Der Fernunterricht spielt sich in einer sozialen Grauzone ab. Benachteiligt werden diejenigen, deren Umfeld zuhause dem Lernen nicht zuträglich ist; sei es, weil die Eltern nicht helfen können oder weil kein Arbeitsplatz zur Verfügung steht. Auf solche Unterschiede wirkt der Unterricht im Klassenzimmer ausgleichend.
Das fällt besonders da ins Gewicht, wo – Stichwort Individualisierung – der Lernstoff an den Lernstand, die Interessen und das Leistungsvermögen eines Kindes angepasst wird. Im Extremfall arbeiten alle „auf ihrem Niveau“ an ihrem Projekt. Alle tun etwas Sinnhaftes, ohne dauerhaft unter- oder überfordert zu sein. Im besten Fall wirft das reichere Ergebnisse und Lernerfolge ab als die Frontalvermittlung von Einheitsstoff. Das Einheitliche, Gemeinschaftliche, Soziale geht allerdings schlimmstenfalls über Bord. Diesen Aspekt der Vereinzelung, der Individualisierung eben auch bedeutet, spitzt das Fernlernen ebenso zu wie die Privatisierung, also das Ausgliedern immer grösserer Bereiche an (private) Drittakteure oder das Elternhaus.
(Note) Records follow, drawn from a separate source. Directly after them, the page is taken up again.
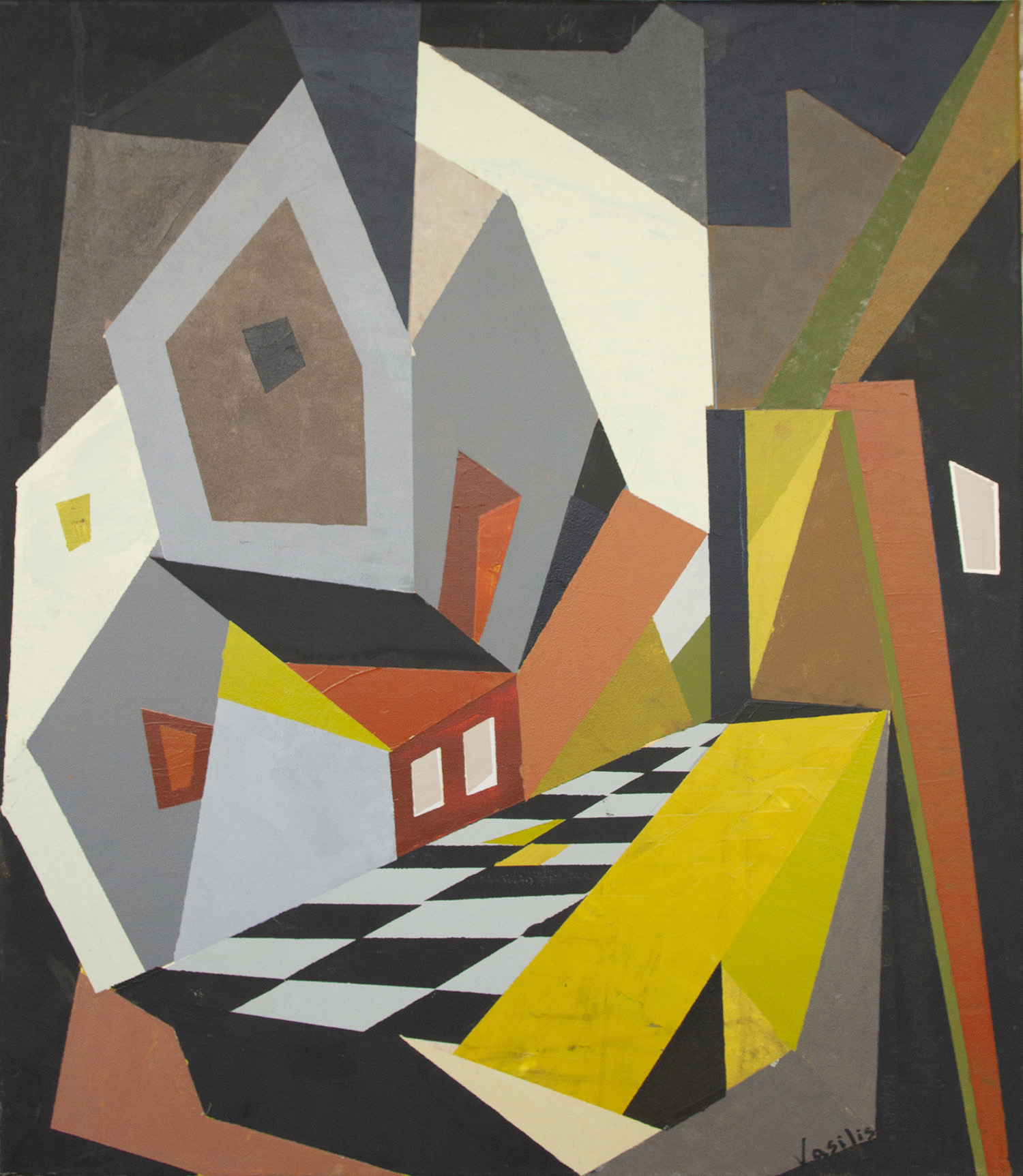 Το έργο «Αρχιτεκτονική Αιχμή» μας εισάγει σε έναν κόσμο όπου η αρχιτεκτονική και η φαντασία συνδιαλέγονται σε μια αυστηρή, αλλά ταυτόχρονα ονειρική γεωμετρική γλώσσα. Η οπτική γωνία μεταβάλλεται συνεχώς, με επίπεδα και σχήματα που μοιάζουν να κινούνται σε διαφορετικούς άξονες, δημιουργώντας μια αίσθηση αστάθειας αλλά και δυναμισμού. Οι έντονες χρωματικές αντιθέσεις —το κίτρινο, το μαύρο, το κόκκινο και οι ουδέτερες γκρι αποχρώσεις— ενισχύουν την ένταση του χώρου, ενώ η σκακιέρα στο προσκήνιο προσφέρει έναν ρυθμικό οδηγό για το βλέμμα. Είναι ένα έργο που προκαλεί τον θεατή να αναζητήσει την ισορροπία ανάμεσα στη σταθερότητα της αρχιτεκτονικής δομής και την ελευθερία της αφηρημένης μορφής.
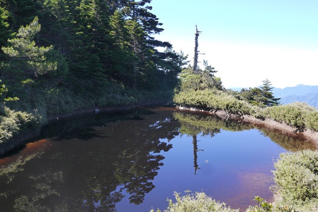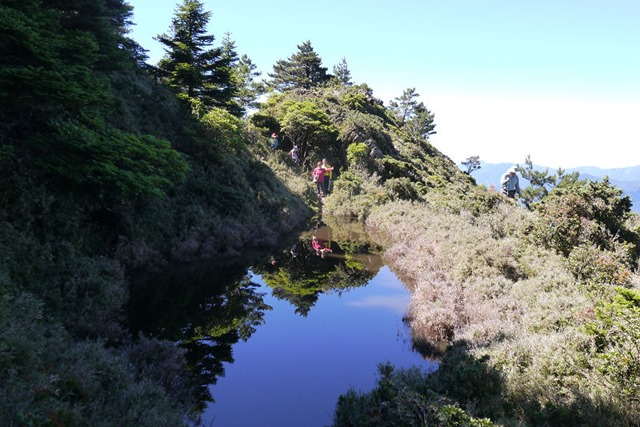 領隊是要帶我們要去黑水塘。穿過一堆高聳又翠綠的樹木。
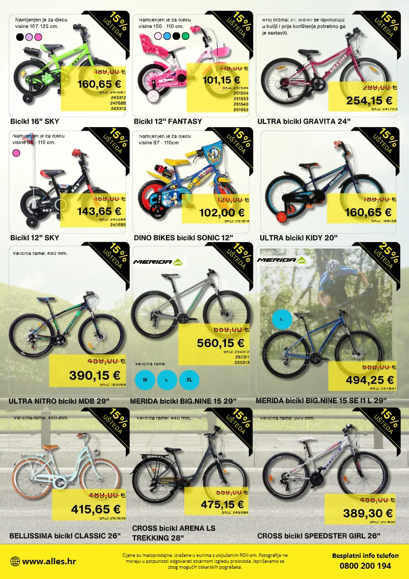 15 % ušteda 189 , 00 € 160 , 65 € sku : 240687 243312 240688 243313 bicikl 16 " sky 15 % ušteda 119 , 00 € 101 , 15 € sku : 251539 251554 251553 251540 251552 bicikl 12 " fantasy 15 % ušteda 169 , 00 € 143 , 65 € sku : 240684 240685 15 % ušteda 120 , 00 € 102 , 00 € sku : 251814 15 % ušteda 299 , 00 € 254 , 15 € sku : 241763 ultra bicikl gravita 24 " 15 % ušteda 189 , 00 € 160 , 65 € sku : 168158 25 % ušteda 659 , 00 € 494 , 25 € sku : 257837 bicikl 12 " sky dino bikes bicikl sonic 12 " ultra bicikl kidy 20 " merida bicikl big . nine 15 se i 1 l 29 " 15 % ušteda 659 , 00 € 560 , 15 € sku : 250312 250311 250313 merida bicikl big . nine 15 29 " 15 % ušteda ultra nitro bicikl mdb 29 " 459 , 00 € 390 , 15 € sku : 189068 15 % ušteda 458 , 00 € 389 , 30 € sku : 201832 15 % ušteda 559 , 00 € 475 , 15 € sku : 249984 15 % ušteda 489 , 00 € 415 , 65 € sku : 260639 l m xl l besplatni info telefon 0800 200 194 cijene su maloprodajne, izražene u eurima s uključenim pdv-om. fotografije ne moraju u potpunosti odgovarati stvarnom izgledu proizvoda. ispričavamo se zbog mogućih tiskarskih pogrešaka. www.alles.hr namijenjen je z a djec u v i s ine 107 - 125 cm . namijenjen je z a djec u v i s ine 100 - 110 cm . namijenjen je z a djec u v i s ine 85 - 110 cm . namijenjen je z a djec u v i s ine 87 - 110 cm b r oj b rz ina : 21. bicikli s e i sp o ru č u j u u k ut iji i pr ije ko r i št enja p o tr ebno ga je s a st a v i t i . cross bicikl speedster girl 26 " cross bicikl arena ls trekking 28 " bellissima bicikl classic 26 " veličina r ame : veličina r ame : 440 mm . veličina r ame : 460 mm . veličina r ame : 480 mm . veličina r ame : 320 mm .

Wollen wir Staatsbürger*innen oder Kund*innen?
Spätestens seit in der 5. Klasse alle ein eigenes Tablet bekommen – zusätzlich zum meist eh schon vorhandenen Smartphone – wird in Schulen expliziter diskutiert, was Digitalisierung eigentlich ist und zu welchem Ende sie geschieht. Eine Einsicht, die sich verbreitet: Nicht zuletzt fungieren Auf- und Umrüstungen im Zeichen der Digitalisierung als Trojanische Pferde der werbetreibenden Industrie. Das beginnt bei den Werbespots vor Youtube-Tutorials, die kaum eine Lehrperson den Schüler*innen vorenthält, und endet noch lange nicht beim Zugriff auf die jungen Leute als potenzielle Kund*innen. Es stellen sich grundsätzliche Fragen: Wollen wir unsere Kinder und Jugendlichen eher zu Staatsbürger*innen oder zu Kund*innen erziehen? Lockdown und Fernlernen dürften eher einen Schritt hin zu Letzterem bedeuten.
Übrigens: Klar gibt es tolle Lernseiten im Netz! Und es lohnt sich auch, die besten davon herauszufischen und zu benutzen. Ihr Einsatz sollte so dosiert wie reflektiert erfolgen. Andernfalls werden Lernende zur leichten Beute im kommerziellen Datenmeer.